For example, some embodiments may use all of or some subset of the
techniques described above to signal the hints or indications of
the next chunk. In addition, while embodiments have been described
above with respect to content streams in HAS solutions, the
invention is not limited solely to use with content streams in HAS
systems. Instead, embodiments and techniques as described above may
be used for various other types of content.

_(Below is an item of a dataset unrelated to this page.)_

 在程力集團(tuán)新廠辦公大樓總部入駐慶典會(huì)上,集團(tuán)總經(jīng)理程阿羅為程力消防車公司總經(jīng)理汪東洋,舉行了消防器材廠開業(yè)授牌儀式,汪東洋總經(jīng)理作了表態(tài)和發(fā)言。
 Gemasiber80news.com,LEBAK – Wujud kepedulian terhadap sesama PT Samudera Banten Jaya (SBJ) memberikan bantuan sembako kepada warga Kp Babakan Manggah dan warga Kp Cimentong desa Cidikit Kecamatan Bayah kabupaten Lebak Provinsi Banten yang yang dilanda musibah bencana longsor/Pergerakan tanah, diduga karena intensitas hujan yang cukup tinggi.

[0028] For example, web pages typically consist of multiple web
objects such as images, style sheets, JavaScript files, etc. After
parsing the Hypertext Markup Language (HTML) code of a web page, a
web browser knows which web objects it needs to retrieve to render
the page. When the web browser requests one of the embedded
objects, a hint or other indication of web objects which are likely
to be requested next may be signaled to a caching proxy or network
element as described above. As described above, a caching proxy or
network element which receives the hint or indication may pre-load
the likely web objects from an origin server containing the
content, a neighboring cache or network element which stores the
content, or may move the likely web objects from a slower type of
memory to a faster type of memory in the caching proxy or network
element. As a particular example, online map web pages typically
consist of multiple image tiles which are retrieved to render the
page. Thus, the web browser can include a custom header listing the
URLs of some or all of the subsequent image tiles used to render
the page in the HTTP GET request the web browser sends for the
first image tile.
[0029] FIG. 2 illustrates a methodology 200 for streaming content.

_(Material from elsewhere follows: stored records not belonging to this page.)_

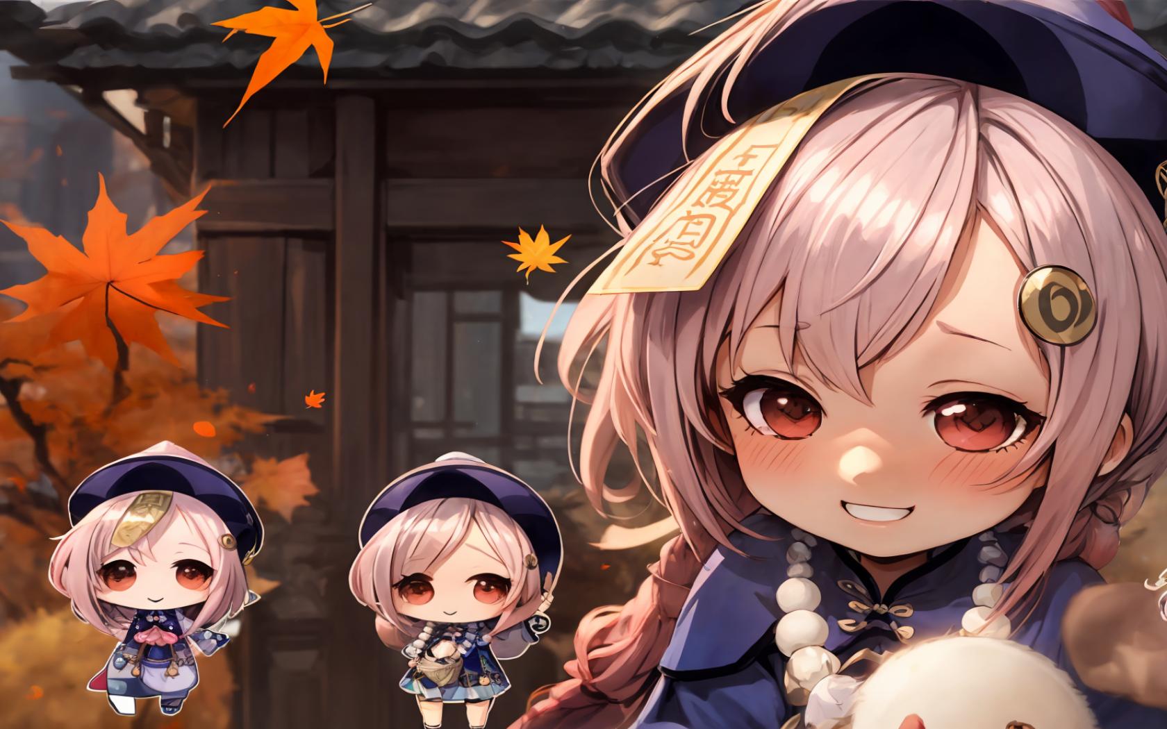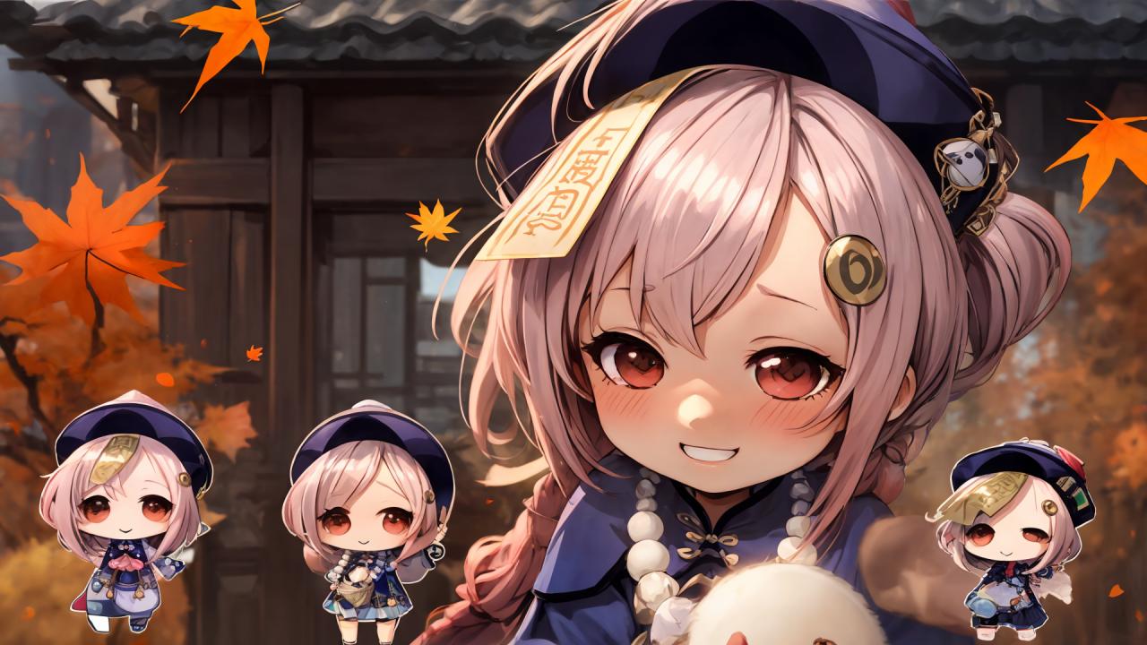 autumn leaves, bangs, bead necklace, beads, blue headwear, blush, braid, chibi, coin hair ornament , falling leaves, grin, hair ornament, hat, jewelry, jiangshi, leaf, long hair, long sleeves, looking at viewer, maple leaf, multiple girls, necklace, ofuda, outdoors, pink hair, purple hair, purple headwear, qing guanmao, red eyes, smile
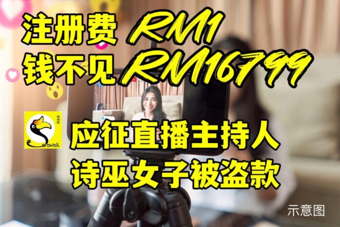 诗巫28岁女子看到外国网站应征直播主持人,注册费只要RM1,就联络负责人,结果给了银行户头资料,接近一万七千令吉就这样被盗走。
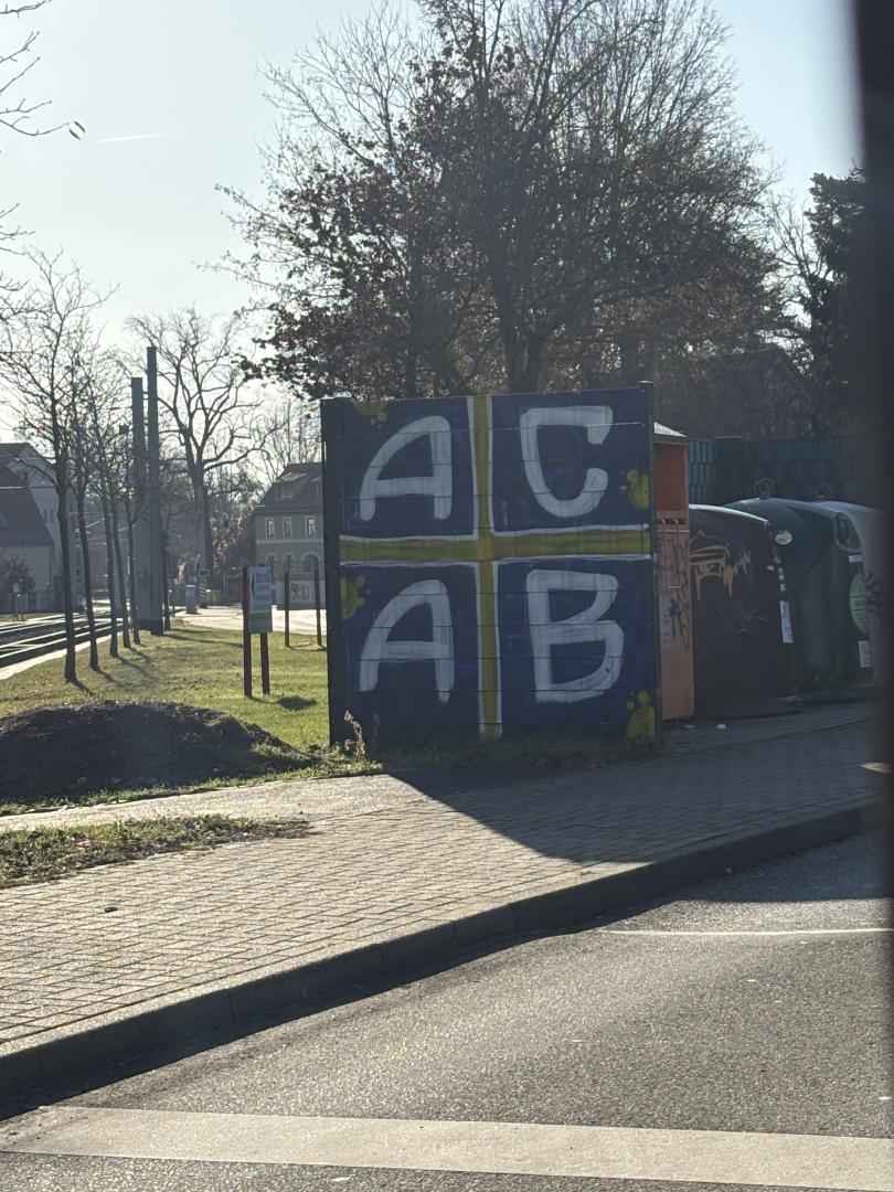 Ein riesiges Grafitto mit dem Polizei-verunglimpfenden „ACAB“ ist schon längere Zeit an der Müllbehälter-Einhausung aufgesprüht und hunderte Fahrgäste der vorbeifahrenden Straßenbahnen und Busse „dürfen“ es in Augenschein nehmen.
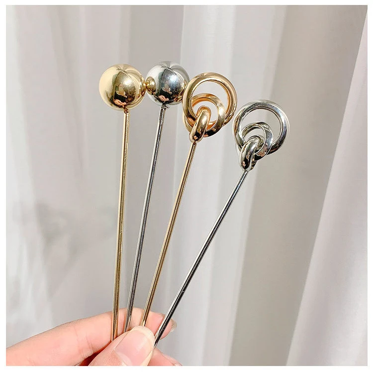 Корейские модные палочки для волос золотого и серебряного цвета с металлическими шариками, круглые палочки для волос, простые аксессуары для волос, женская заколка с одним словом
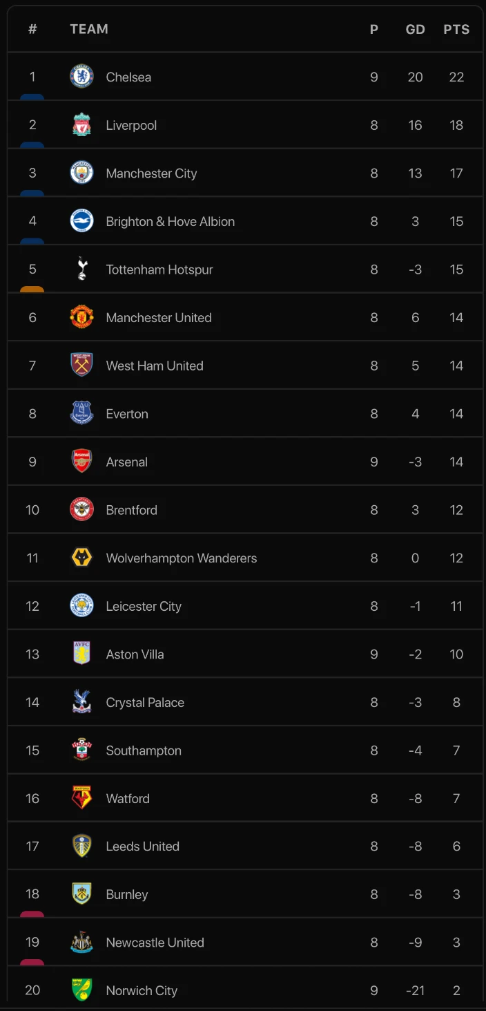Với chiến thắng tưng bừng trước Norwich City trên sân nhà, Chelsea tiếp tục duy trì ngôi đầu bảng với 22 điểm sau 9 vòng đấu. Ở cùng vòng đấu này, Arsenal giành chiến thắng với tỷ số 3-1 trên sân nhà Emirates trước đối thủ Aston Villa.

A given content stream X may be divided into a number of chunks
(i.e., x, x+1, x+2, . . . , x+IV) for each of a plurality of
quality levels. The methodology 200 begins with HAS client 102-1
sending 201 an HTTP GET request for a chunk x. The HTTP GET request
for chunk x includes a hint at the next chunk x+1 which will likely
be requested. In some embodiments, the hint can indicate the next N
chunks which are likely to be requested. For example, the hint may
include an indication of chunk x+1, chunk x+2, chunk x+N. In
addition, the hint may include an indication of a quality level of
chunk x+1, or a list of quality levels and respective probabilities
for each of the quality levels of chunk x+1 which are likely to be
requested next. In response to the HTTP GET request, the caching
proxy 104 checks 202 if chunks x and x+1 are already cached or
otherwise stored in the caching proxy 104. As described above, if
chunk x+1 is stored in a slower memory of the caching proxy 104,
the caching proxy 104 may move chunk x+1 to a faster memory in
response to the HTTP GET request.
[0030] If the caching proxy 104 does not have chunk x cached or
otherwise stored, the caching proxy 104 sends 203 and HTTP GET
request for chunk x to the HAS server 106. Similarly, if the
caching proxy 104 does not have chunk x+1 cached or otherwise
stored, the caching proxy 104 sends 204 an HTTP GET request for
chunk x+1 to the HAS server 106. In some embodiments, the caching
proxy 104 will also check to see whether chunk x and chunk x+1 are
stored in a neighboring cache or network element before performing
steps 203 and 204. The HAS server 106 sends 205 an HTTP 200 OK
message including chunk x to the caching proxy 104 responsive to
the HTTP GET request for chunk x. The HAS server 106 similarly
sends 206 an HTTP 200 OK message including chunk x+1 to caching
proxy 104. In response to the HTTP 200 OK messages, the caching
proxy 104 caches 207 chunks x and x+1. The caching proxy 104 then
sends 208 an HTTP 200 OK message with chunk x to HAS client
102-1.
[0031] The HAS client 102-1 may subsequently send 209 an HTTP GET
request for chunk.times.+1 which includes a hint at chunk x+2. It
is important to note, however, that the HAS client 102-1 is not
obligated to request chunk x+1 after requesting chunk x. As
described above, the HAS client 102-1 may request a different chunk
due to changing network characteristics and other static and
dynamic factors. In addition, the HAS client 102-1 may choose to
stop requesting the content stream. In response to step 209, the
caching proxy 104 check if chunk x+1 and chunk x+2 are already
cached. The caching proxy 104 sends 211 an HTTP GET request for
chunk x+2 to HAS server 106, and sends 212 an HTTP OK 200 message
including chunk x+1 to HAS client 102-1. Advantageously, chunk x+1
is already cached in the caching proxy 104 in step 207 responsive
to the request sent in step 201. It is important to note however,
the in step 210 the caching proxy 104 still checks to determine if
chunk x+1 is cached to account for situations in which there may be
some delay between requests from HAS client 102-1. For example, HAS
client 102-1 may choose to pause the content stream and resume
sometime later. The caching proxy 104 may discard chunk x+1 from
the cache after a certain time to account for this and other
situations.
[0032] In response to step 211, the HAS server 106 sends 213 an
HTTP 200 OK message including chunk x+2 to the caching proxy 104.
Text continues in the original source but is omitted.